Is Your Brain Helping or Hurting Your Bottom Line?

Is Your Brain Helping or Hurting Your Bottom Line?

Have you ever been torn between two places to live, or different cars to buy, or which college to attend? The anguish you can endure making any one of these decisions can drive you out of your gourd, can’t it?

My wife had a friend who was torn between proposals from two different suitors. When she came over to hash out the differences between the two men, I eventually had to excuse myself and let the two women juggle the pros and cons of each potential husbands.  If Freud was correct that the inability to tolerate ambiguity is neurosis, I guess I was feeling too neurotic to hang in for the verdict. Either that or there was a game on.

But for many of us one of the toughest quandaries, and certainly one with ramifications for the future almost on a scale with whom you marry, is your investment decision process. Should you go with a value stock, a momentum stock, or one that, over the years, has paid out a generous dividend? And perhaps most vexing of all, what are you missing?

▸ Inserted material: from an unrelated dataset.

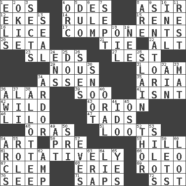 ACROSS 1. Greek goddess of the dawn 4. Lyric poems 8. SW Saudi Arabia district 12. Makes supply last 14. General guideline 15. French philosopher Descartes 16. Louse (plural) 17. Pieces 20. Bristle 21. Standoff 22. Keyboard modifier key 23. Bobsleighs 27. For fear that 29. Horse sense 31. Rich soil 34. NE Netherlands city 35. Operatic vocal solo 36. Having or resembling wings 39. "Barney Miller" actor Jack 41. Is not 42. Rampant 43. Constellation of myth 46. _ and Stitch 47. Bits 48. Mouths or openings 51. Plunders 54. Tate display 56. Before (prefix) 58. Land elevation 61. Rotating or pertaining to rotation 66. Butter sub 67. To starve (Brit.) 68. 4th largest of the Great Lakes 69. Printing process, for short 70. Ooze 71. Plant excrements 72. Fast jet (abbr.) DOWN 1. Snakelike fish 2. Migrant worker of the '30s 3. Religious groups 4. The grampus (Milton) 5. Superhero pair 6. Shade tree 7. Back-to-school mo. 8. "We ___ not amused" (Victoria) 9. Legislators 10. International (abbr.) 11. Take ten 13. Lick closed 18. Lubricate 19. Born 24. Followers of ems 25. Two (Sp.) 26. Takes to court 28. Killed 30. Snob 32. The 18th letter of the Arabic alphabet 33. Floor covering 34. Zeal 36. Leather borer 37. Cards in a Roman deck? 38. One to whom something is allotted 40. Relating to the mouth 44. Wedding promise 45. Bear (Spanish) 49. Fitting 50. Indian title of respect (Mr.) 52. Son of Odin 53. Grain storage towers 54. Arches 55. Hero or heavy, e.g. 57. Nights before holidays 59. Allows 60. Spoils 62. Electrical Unit 63. Period 64. Mouth edge 65. Consenting reply

Should you invest based on facts and figures, or go with your gut feeling? Don’t kid yourself; professional investors struggle with the same ambivalence. Multibillionaire George Soros claims he’s often relied on pure “animal instinct” to make an investment decision. Meanwhile his son has revealed that often the elder Soros is guided by nothing more than a persistent back pain he takes as a signal he’s made a mistake.

According to the relatively new science of neuroeconomics, alternatively called behavior economics, we put too much “untested faith” in ourselves when making investment decisions. Indeed, in a survey over eighty percent answered “yes” to the question, “You are better than most people at identifying market trends, or picking winning investments.”

But if you think a totally rational approach to investing is usually more reliable than the Soros back-ache test, you’ve got another think coming. In his provocative 2007 book, Your Money and Your Brain: How the New Science of Neuroeconomics Can Help Make You Rich, financial journalist Jason Zweig dispels many of the cherished myths about what it takes to be a successful investor.

For instance, if you think smarter people make more money, Zweig reminds readers how the great Sir Isaac Newton was wiped out in a stock market crash in 1720. Apparently he was less familiar with certain types of gravity.

Oh, and do you think the more work you put into investing, the more money you’ll make? Not according to Zweig, who claims, “[P]rofessional investors on average do not outperform amateurs.”

It’s all a matter of understanding who you are as an investor and how the human brain works. Zweig reports that the science of neuroeconomics shows, “A monetary loss or gain is not just a financial or psychological outcome, but a biological change that has profound physical effects on the brain and body….” This same science shows that financial losses are processed in the same part of the brain that forces us to respond to mortal danger.  No wonder you’re stressed; it really does feel like a Mack truck headed right at you.

For sure, Zweig’s book offers many pearls of wisdom, like how to read an annual proxy statement, and even the Chairman’s letter to the stockholders in the annual report “with your emotional eyes open.” And I have little doubt if you read this book, and other popular works on applied neureconomics, you’ll become a cannier investor.

But it’s also worth considering that maybe people see themselves as taking an “intelligent” approach are simply trying to out-think immutable facts. The chances of getting rich quick are small, and the tried-and-true path of plodding along, keeping at it, and particularly, making sure you’re genuinely diversified, is the real way to end up richer than you started.  But true diversification, the kind that protects you from market upheavals and sudden downturns, isn’t about having both stocks and bonds.  Paper tied to the market is paper tied to the market.

Ensuring your paper is buttressed by tangible assets that have inherent value lets you protect your portfolio both from outside disasters and from rational and irrational mistakes. Because it’s inversely correlated to both stocks and the dollar, gold is where investors, including George Soros, turn to recover from their own impulsiveness as well as the irrational moves of markets and market makers (and breakers).